--- Listed entries Enclosed Below ---

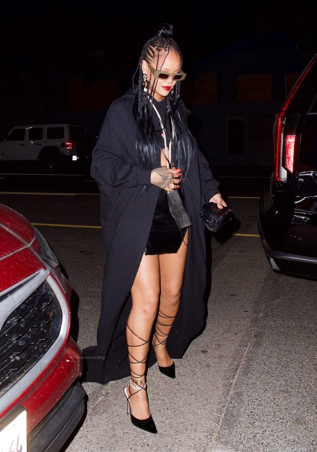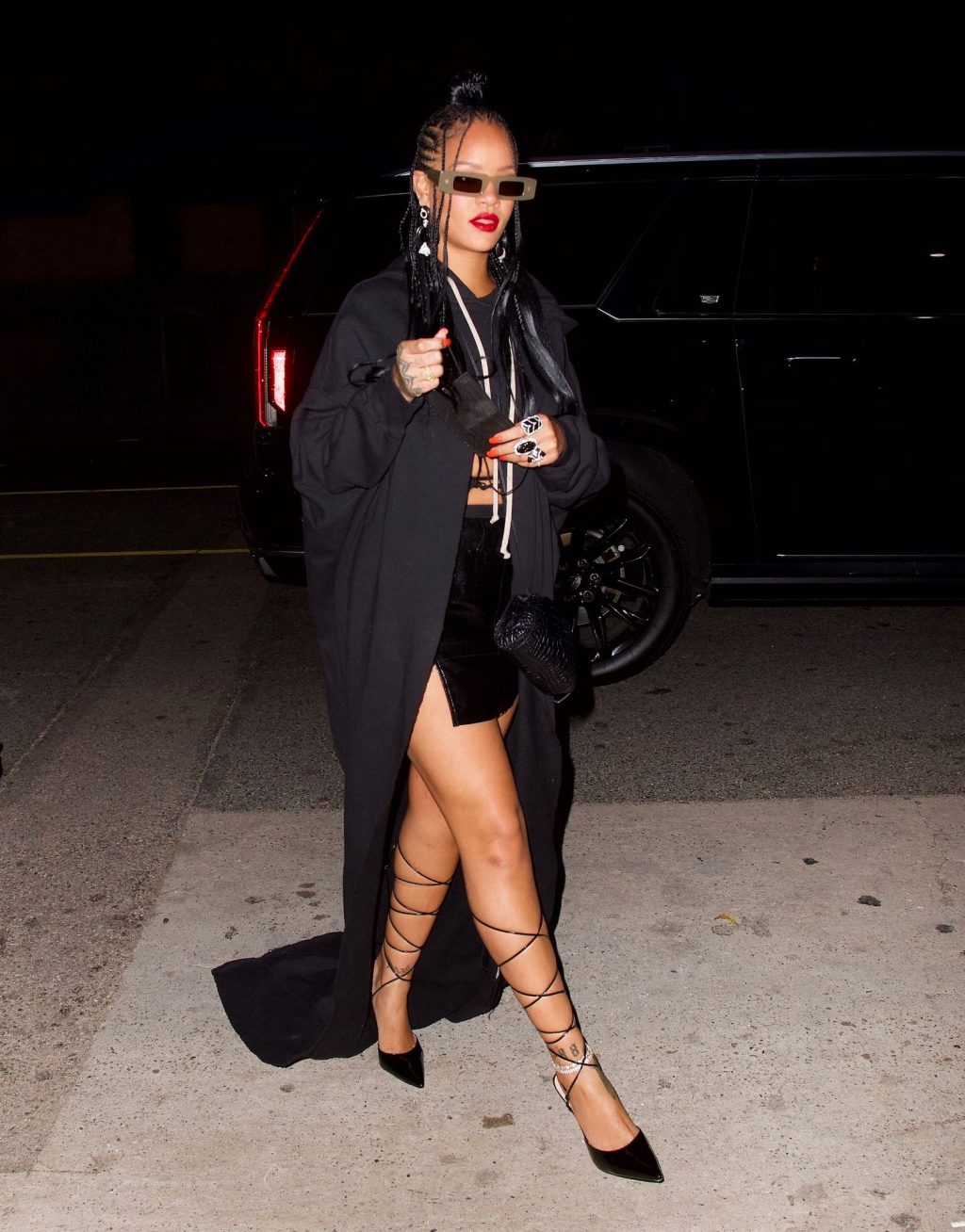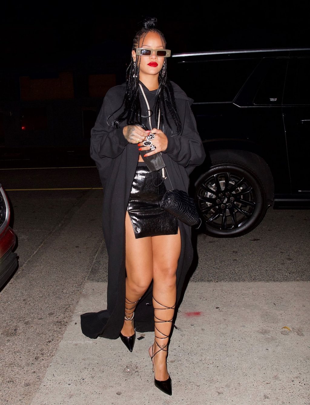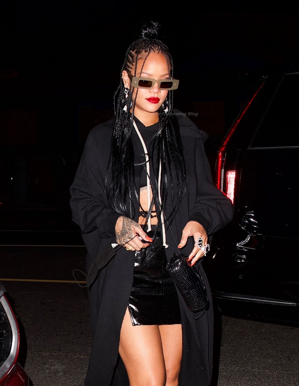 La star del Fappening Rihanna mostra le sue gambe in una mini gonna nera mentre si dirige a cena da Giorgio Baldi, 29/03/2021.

--- End of Enclosed Listed entries ---
--- Listed entries Enclosed Below ---

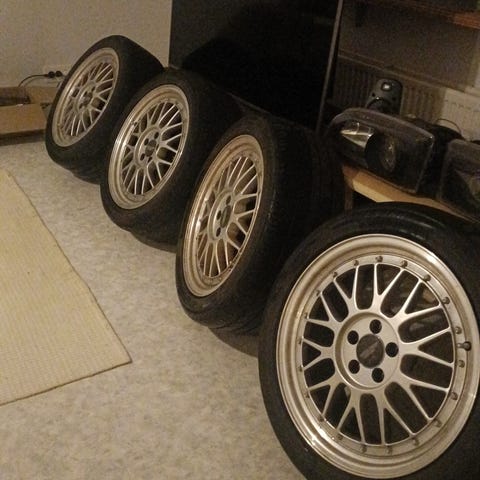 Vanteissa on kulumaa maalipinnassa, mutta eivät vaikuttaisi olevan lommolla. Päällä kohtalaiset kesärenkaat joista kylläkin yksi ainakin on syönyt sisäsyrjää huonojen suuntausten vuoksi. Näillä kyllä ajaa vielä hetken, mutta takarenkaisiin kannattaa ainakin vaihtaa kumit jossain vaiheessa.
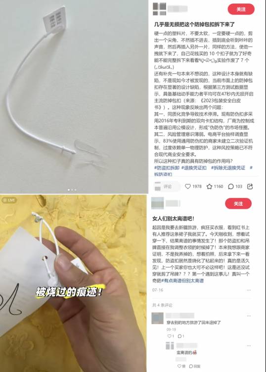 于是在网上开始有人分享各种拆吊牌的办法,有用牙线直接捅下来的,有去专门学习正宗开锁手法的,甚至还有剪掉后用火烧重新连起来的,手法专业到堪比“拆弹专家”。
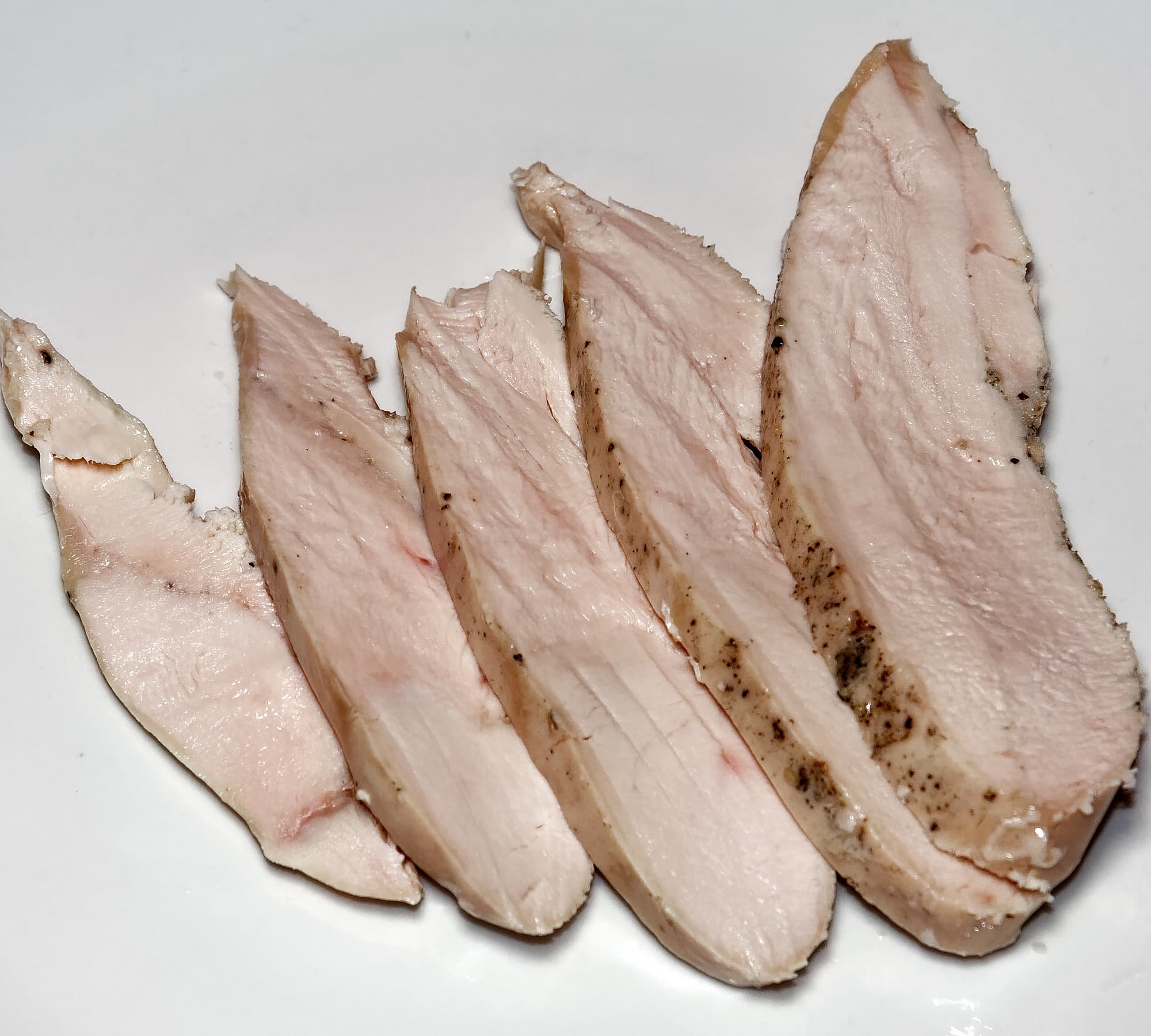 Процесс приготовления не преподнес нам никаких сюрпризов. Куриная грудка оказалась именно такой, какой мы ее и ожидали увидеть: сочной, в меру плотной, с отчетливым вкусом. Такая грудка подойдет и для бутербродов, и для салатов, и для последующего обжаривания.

--- End of Enclosed Listed entries ---
--- Listed entries Enclosed Below ---

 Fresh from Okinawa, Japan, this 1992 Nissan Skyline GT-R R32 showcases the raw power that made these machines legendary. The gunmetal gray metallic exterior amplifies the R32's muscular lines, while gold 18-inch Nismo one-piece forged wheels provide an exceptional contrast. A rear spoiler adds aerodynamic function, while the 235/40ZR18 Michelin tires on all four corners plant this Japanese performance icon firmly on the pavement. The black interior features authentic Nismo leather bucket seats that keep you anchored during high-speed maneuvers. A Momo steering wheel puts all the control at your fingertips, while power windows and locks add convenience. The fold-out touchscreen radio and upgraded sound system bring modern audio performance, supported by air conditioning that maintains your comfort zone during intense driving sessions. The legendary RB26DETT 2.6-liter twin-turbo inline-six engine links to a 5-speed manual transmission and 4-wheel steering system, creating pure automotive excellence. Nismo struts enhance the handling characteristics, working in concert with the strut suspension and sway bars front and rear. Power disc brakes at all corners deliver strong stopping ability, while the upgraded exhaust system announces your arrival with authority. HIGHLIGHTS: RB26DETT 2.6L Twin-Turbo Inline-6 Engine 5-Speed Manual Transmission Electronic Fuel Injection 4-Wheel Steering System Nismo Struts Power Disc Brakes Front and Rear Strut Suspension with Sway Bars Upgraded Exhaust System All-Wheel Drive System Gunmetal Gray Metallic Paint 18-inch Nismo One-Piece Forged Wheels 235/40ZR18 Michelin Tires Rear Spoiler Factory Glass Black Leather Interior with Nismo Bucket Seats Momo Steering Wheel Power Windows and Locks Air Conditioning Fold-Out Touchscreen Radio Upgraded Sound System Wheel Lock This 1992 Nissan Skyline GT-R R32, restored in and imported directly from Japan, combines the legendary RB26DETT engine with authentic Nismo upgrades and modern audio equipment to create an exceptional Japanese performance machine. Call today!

--- End of Enclosed Listed entries ---

[Problem to work on]
The answer is the lines of the material above, from the one containing "Vanteissa on kulumaa" down to the one containing "Процесс приготовления не", given exactly and without images.

[Output]
 Vanteissa on kulumaa maalipinnassa, mutta eivät vaikuttaisi olevan lommolla. Päällä kohtalaiset kesärenkaat joista kylläkin yksi ainakin on syönyt sisäsyrjää huonojen suuntausten vuoksi. Näillä kyllä ajaa vielä hetken, mutta takarenkaisiin kannattaa ainakin vaihtaa kumit jossain vaiheessa.
 于是在网上开始有人分享各种拆吊牌的办法,有用牙线直接捅下来的,有去专门学习正宗开锁手法的,甚至还有剪掉后用火烧重新连起来的,手法专业到堪比“拆弹专家”。
 Процесс приготовления не преподнес нам никаких сюрпризов. Куриная грудка оказалась именно такой, какой мы ее и ожидали увидеть: сочной, в меру плотной, с отчетливым вкусом. Такая грудка подойдет и для бутербродов, и для салатов, и для последующего обжаривания.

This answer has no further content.